EXERCISE BRIEF:
Would you return the listing exactly as written, apart from its pictures?

THE DATA:
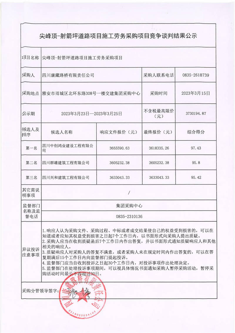 四川康藏路橋有限責(zé)任公司尖峰頂-射箭坪道路項目施工勞務(wù)采購項目競爭談判結(jié)果公示
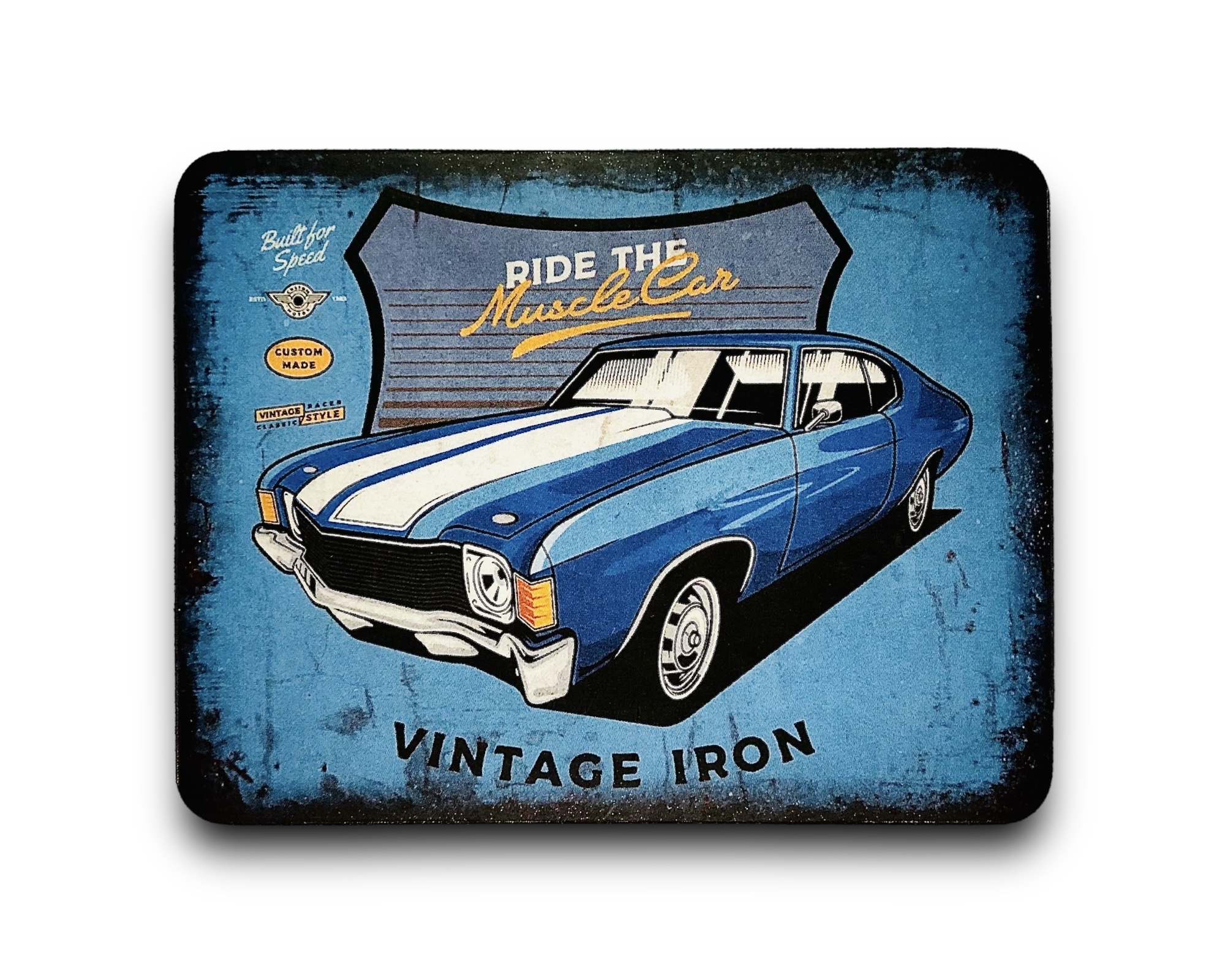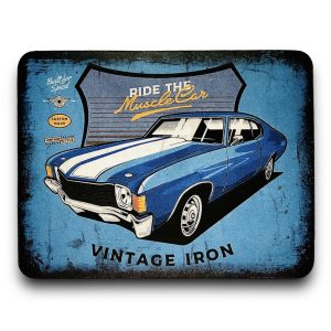 KUBEK W STYLU PRL, WYKONANY W CAŁOŚCI Z METALU Z MALUNKIEM CZERWONEGO POLONEZA
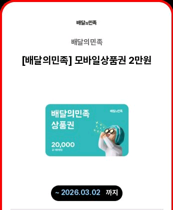 배민에서 사용 가능한 2만원 모바일 상품권이에요. 유효기간은 2026년 3월 2일까지입니다.
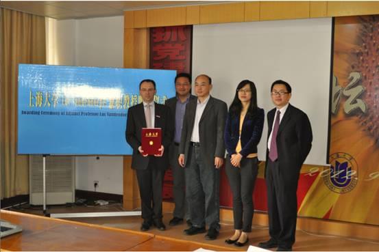 |         2013年4月10日上午,比利时鲁汶大学Luc Vandendorpe教授在通信学院方勇副院长的邀请下访问我院。Luc Vandendorpe教授首先访问了智能与集成技术实验室,就无线体域网中的高能效数据传输技术研究进行了深入交流,并就此领域的国际合作研究达成一致意向。随后,Luc Vandendorpe教授在方勇副院长、王涛教授的带领下,参观了我院的特种光纤与光接入网重点实验室。最后,在王廷云执行院长的主持下,举行了Luc Vandendorpe教授受聘我院兼职教授的受聘仪式,并就进一步加深通信学院与鲁汶大学的深入研究交流达成共识。随后,Luc Vandendorpe教授为师生进行了讲座。         Luc Vandendorpe教授为IEEE Fellow,任鲁汶大学通信技术与电子应用及数学学院院长,担任国际著名期刊主编。在无线传感器网络及无线通信系统领域发表IEEE期刊论文近100篇,被引用4000余次。目前正在主持欧盟FP7资助的NEWCOM项目、SCOOP项目及BESTCOM项目。 |
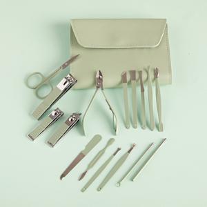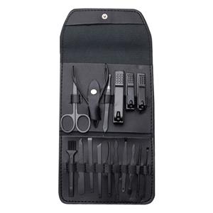 Descrição: Kit manicure 16 peças em estojo de couro sintético estilo envelope, contém: tesoura, alicate de cutícula, pinça, 3 cortadores de unha, lixa, 2 bisturis, raspador, empurrador de cutícula, removedor de cutícula, espátula dupla para limpeza das unhas, limpador de ouvido, palito de unha e espátula para ouvido. Largura 13,8 cm Medidas aproximadas para gravação(CxL): 4 cm x 10 cm Peso aproximado(g): 185 Comprimento 10,7 cm Espessura 1,6 cm
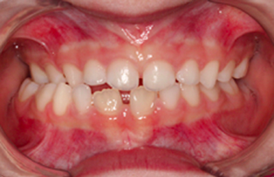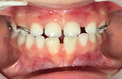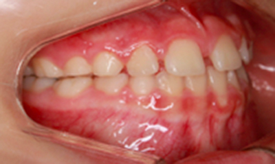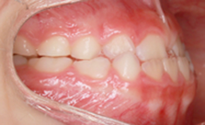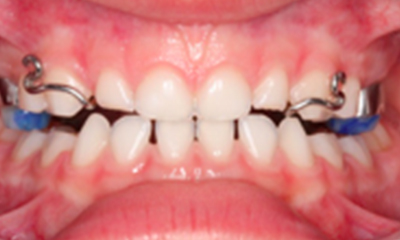 As imagens abaixo demonstram o mesmo caso de mordida cruzada anterior com fotografias intra orais laterais. Observe que os incisivos superiores, que se encontravam inicialmente atrás dos incisivos inferiores, passou a ocluir corretamente.
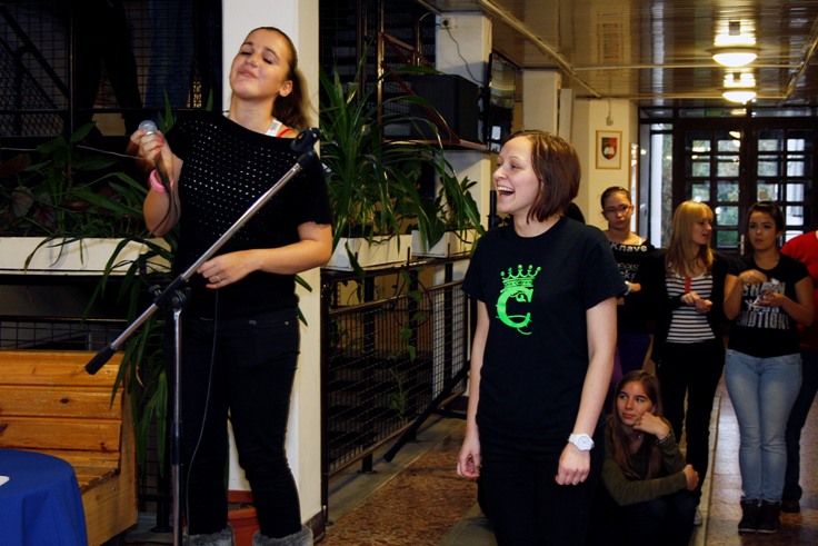 A Bárdos-napon a végzősök programjai – így Makszim Soma képén a 13. c karaokeversenye – hatalmas sikert arattak.
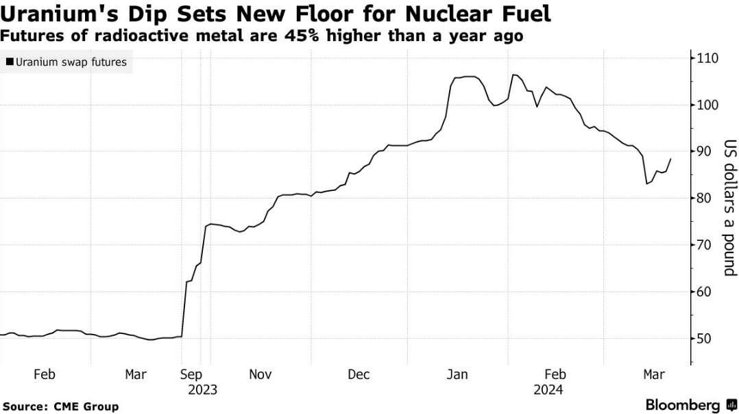 据了解,看涨的投资者押注于这种放射性金属的长期前景,原因是全球供应缺口日益增大,且各国政府转向核能以应对气候变化,需求增加。
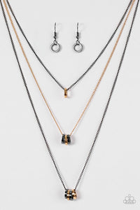 Dainty gunmetal and gold chains layer down the chest. Matching gold and gunmetal rings slide along the layers, creating a fierce mixed metallic palette. Features an adjustable clasp closure.
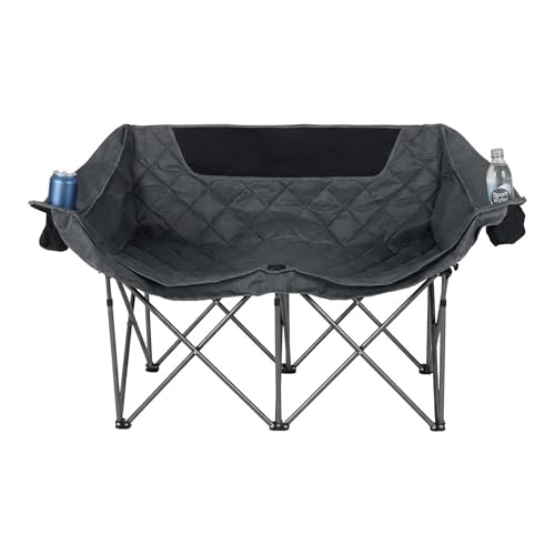 Relaxdays Banc de Camping Pliable 2 Places avec accoudoirs, Porte-gobelets, Sac Transport, 84x146x54 cm Gris

ANSWER BOX:
 四川康藏路橋有限責(zé)任公司尖峰頂-射箭坪道路項目施工勞務(wù)采購項目競爭談判結(jié)果公示
 KUBEK W STYLU PRL, WYKONANY W CAŁOŚCI Z METALU Z MALUNKIEM CZERWONEGO POLONEZA
 배민에서 사용 가능한 2만원 모바일 상품권이에요. 유효기간은 2026년 3월 2일까지입니다.
 |         2013年4月10日上午,比利时鲁汶大学Luc Vandendorpe教授在通信学院方勇副院长的邀请下访问我院。Luc Vandendorpe教授首先访问了智能与集成技术实验室,就无线体域网中的高能效数据传输技术研究进行了深入交流,并就此领域的国际合作研究达成一致意向。随后,Luc Vandendorpe教授在方勇副院长、王涛教授的带领下,参观了我院的特种光纤与光接入网重点实验室。最后,在王廷云执行院长的主持下,举行了Luc Vandendorpe教授受聘我院兼职教授的受聘仪式,并就进一步加深通信学院与鲁汶大学的深入研究交流达成共识。随后,Luc Vandendorpe教授为师生进行了讲座。         Luc Vandendorpe教授为IEEE Fellow,任鲁汶大学通信技术与电子应用及数学学院院长,担任国际著名期刊主编。在无线传感器网络及无线通信系统领域发表IEEE期刊论文近100篇,被引用4000余次。目前正在主持欧盟FP7资助的NEWCOM项目、SCOOP项目及BESTCOM项目。 |
 Descrição: Kit manicure 16 peças em estojo de couro sintético estilo envelope, contém: tesoura, alicate de cutícula, pinça, 3 cortadores de unha, lixa, 2 bisturis, raspador, empurrador de cutícula, removedor de cutícula, espátula dupla para limpeza das unhas, limpador de ouvido, palito de unha e espátula para ouvido. Largura 13,8 cm Medidas aproximadas para gravação(CxL): 4 cm x 10 cm Peso aproximado(g): 185 Comprimento 10,7 cm Espessura 1,6 cm
 As imagens abaixo demonstram o mesmo caso de mordida cruzada anterior com fotografias intra orais laterais. Observe que os incisivos superiores, que se encontravam inicialmente atrás dos incisivos inferiores, passou a ocluir corretamente.
 A Bárdos-napon a végzősök programjai – így Makszim Soma képén a 13. c karaokeversenye – hatalmas sikert arattak.
 据了解,看涨的投资者押注于这种放射性金属的长期前景,原因是全球供应缺口日益增大,且各国政府转向核能以应对气候变化,需求增加。
 Dainty gunmetal and gold chains layer down the chest. Matching gold and gunmetal rings slide along the layers, creating a fierce mixed metallic palette. Features an adjustable clasp closure.
 Relaxdays Banc de Camping Pliable 2 Places avec accoudoirs, Porte-gobelets, Sac Transport, 84x146x54 cm Gris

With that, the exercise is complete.